Even though Micah has told his sister the rustic structure in the middle of town is simply part of the town's decorations, Annie is sure that unseen angels are building the crude stable--which means baby Jesus is coming, and He can make her better. Terrified that his little sister might die, Micah vows to find the baby Jesus for Annie, even if it is only a plastic doll. But as Micah gets nearer to his goal he finds that angels are closer than he ever would have believed.
The blurb sounded interesting. I thumbed through the 100 page book published by Covenant Communications and thought it looked like a nice clean read. What I didn't count on was getting so involved in the story that I forgot to focus on reviewing the book. I just enjoyed it. I won't spoil the ending, but I did find the book page turning and my eyes moist.
The responsibly Micah feels toward his mother and sister is touching. His character shines through and shows that Micah is a good kid deep inside. The feeling extended beyond the book to include most youth. It is a comforting message that we have some wonderful young people in this troubled world.

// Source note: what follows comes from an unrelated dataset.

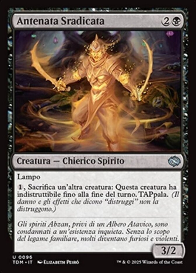 | Flavor | Abzan spirits bereft of a Kin-Tree are condemned to a restless existence. Absent the purpose of family connection, many grow angry and violent. |

The town sounds like a great place to live and has a good variety and flavor of people. Kathi allows her characters to achieve a good growth arch. She includes just enough physical and character hints that each of them come alive. They become real people, people you care about, people you want to know. One of my favorite characters was Kora, the quirky owner of the greasy spoon. Every respectable town needs a flamboyant Kora with her crazy earings for every season.
I highly recommend this book as a heart warming Christmas story. It's the whole package. It's a wonderful journey of wondering if God loves us, then why do bad things happen to good people. In "An Angel on Main Street", Kathi shows us just how much God truly does love us.